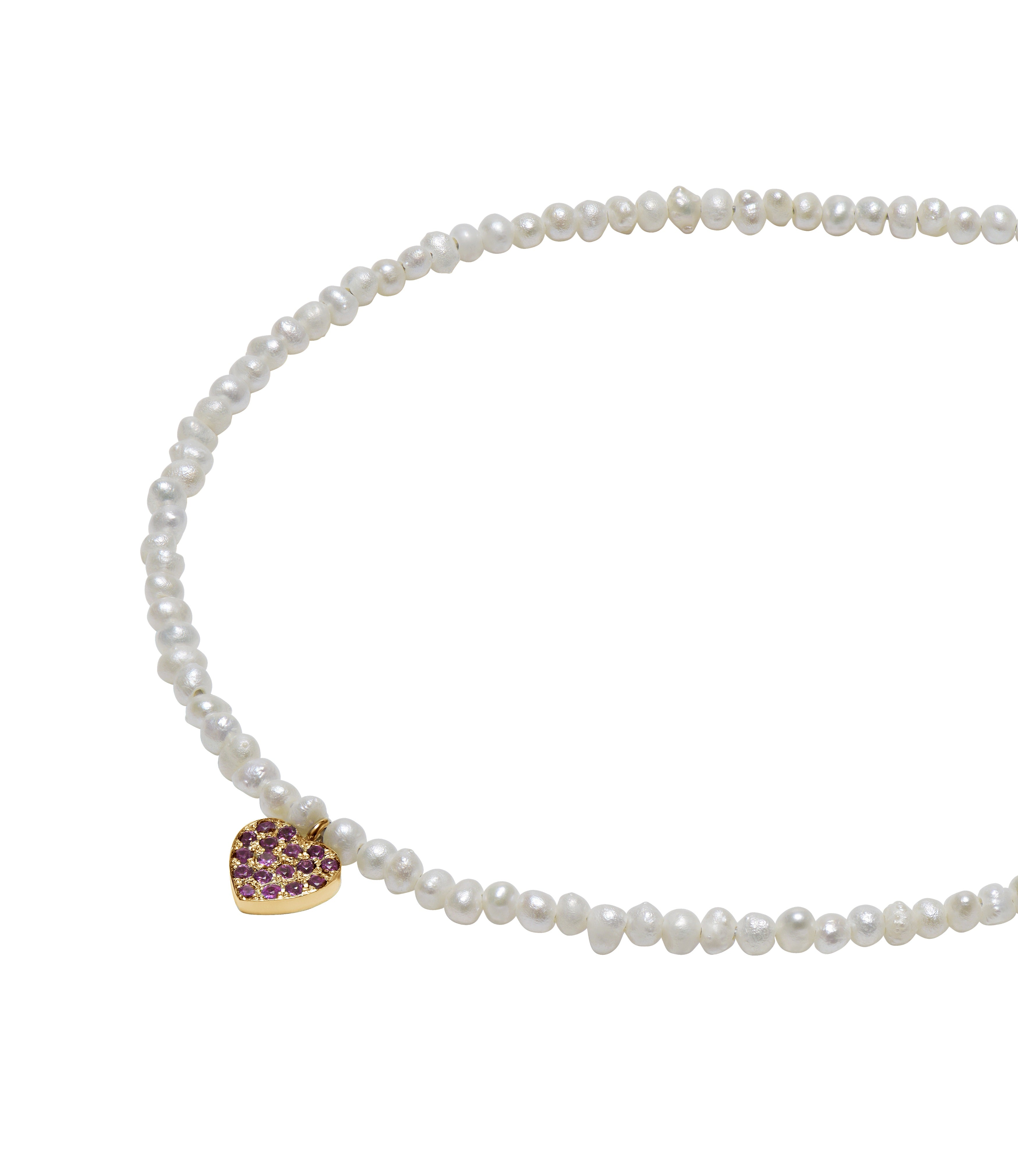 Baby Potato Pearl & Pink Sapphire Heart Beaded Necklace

---

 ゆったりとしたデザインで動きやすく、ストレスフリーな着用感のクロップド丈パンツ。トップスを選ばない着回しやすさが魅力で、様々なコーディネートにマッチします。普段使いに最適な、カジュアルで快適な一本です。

==

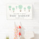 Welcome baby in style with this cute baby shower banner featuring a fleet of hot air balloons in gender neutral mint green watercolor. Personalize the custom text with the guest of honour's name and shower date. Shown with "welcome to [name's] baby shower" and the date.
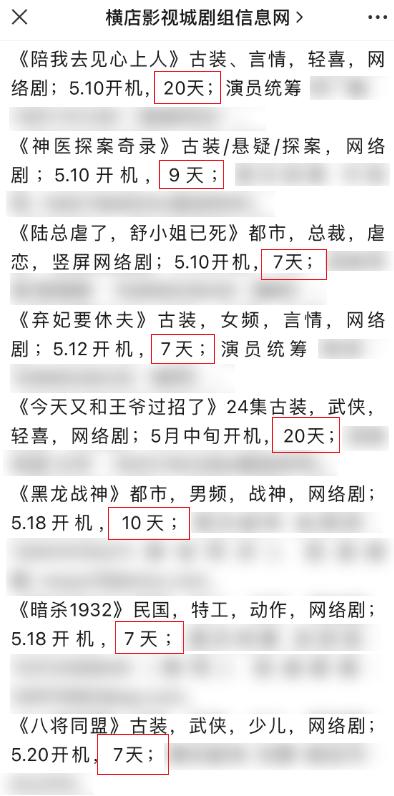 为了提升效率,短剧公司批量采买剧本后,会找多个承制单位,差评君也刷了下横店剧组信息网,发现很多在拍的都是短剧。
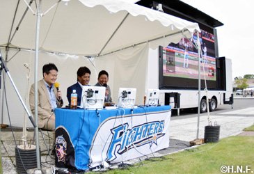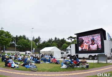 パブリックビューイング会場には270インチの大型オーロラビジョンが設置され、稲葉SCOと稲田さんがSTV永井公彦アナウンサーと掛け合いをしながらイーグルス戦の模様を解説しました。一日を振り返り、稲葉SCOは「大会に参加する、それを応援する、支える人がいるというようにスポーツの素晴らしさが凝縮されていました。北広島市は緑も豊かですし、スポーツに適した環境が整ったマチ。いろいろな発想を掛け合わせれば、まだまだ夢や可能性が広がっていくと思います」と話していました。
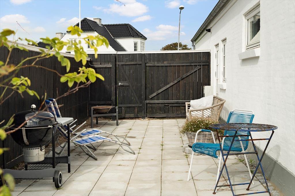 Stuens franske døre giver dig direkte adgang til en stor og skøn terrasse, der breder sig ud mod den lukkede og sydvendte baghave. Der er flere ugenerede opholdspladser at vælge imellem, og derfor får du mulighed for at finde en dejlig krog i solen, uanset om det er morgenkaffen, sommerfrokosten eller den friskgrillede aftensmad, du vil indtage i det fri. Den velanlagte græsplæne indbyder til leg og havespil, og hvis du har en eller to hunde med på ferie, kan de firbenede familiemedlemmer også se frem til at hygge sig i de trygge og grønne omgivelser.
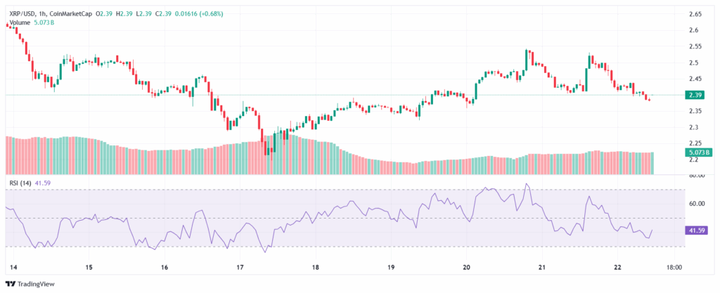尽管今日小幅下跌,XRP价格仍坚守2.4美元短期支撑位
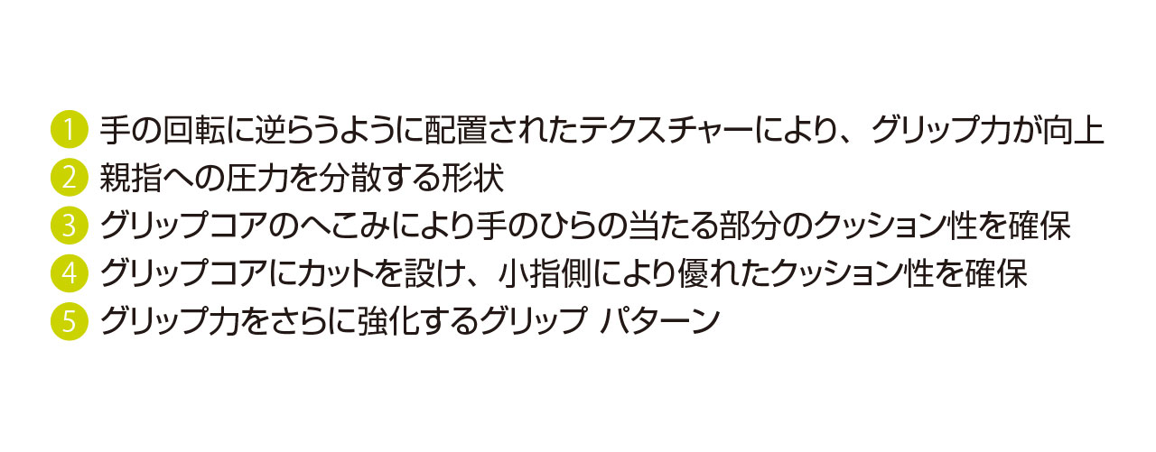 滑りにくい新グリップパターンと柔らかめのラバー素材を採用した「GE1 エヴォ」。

What is needed: Reproduce the data above exactly, but only from the line containing "Welcome baby in" through the line containing "パブリックビューイング会場に"; skip the pictures.

Exercise answer:
 Welcome baby in style with this cute baby shower banner featuring a fleet of hot air balloons in gender neutral mint green watercolor. Personalize the custom text with the guest of honour's name and shower date. Shown with "welcome to [name's] baby shower" and the date.
 为了提升效率,短剧公司批量采买剧本后,会找多个承制单位,差评君也刷了下横店剧组信息网,发现很多在拍的都是短剧。
 パブリックビューイング会場には270インチの大型オーロラビジョンが設置され、稲葉SCOと稲田さんがSTV永井公彦アナウンサーと掛け合いをしながらイーグルス戦の模様を解説しました。一日を振り返り、稲葉SCOは「大会に参加する、それを応援する、支える人がいるというようにスポーツの素晴らしさが凝縮されていました。北広島市は緑も豊かですし、スポーツに適した環境が整ったマチ。いろいろな発想を掛け合わせれば、まだまだ夢や可能性が広がっていくと思います」と話していました。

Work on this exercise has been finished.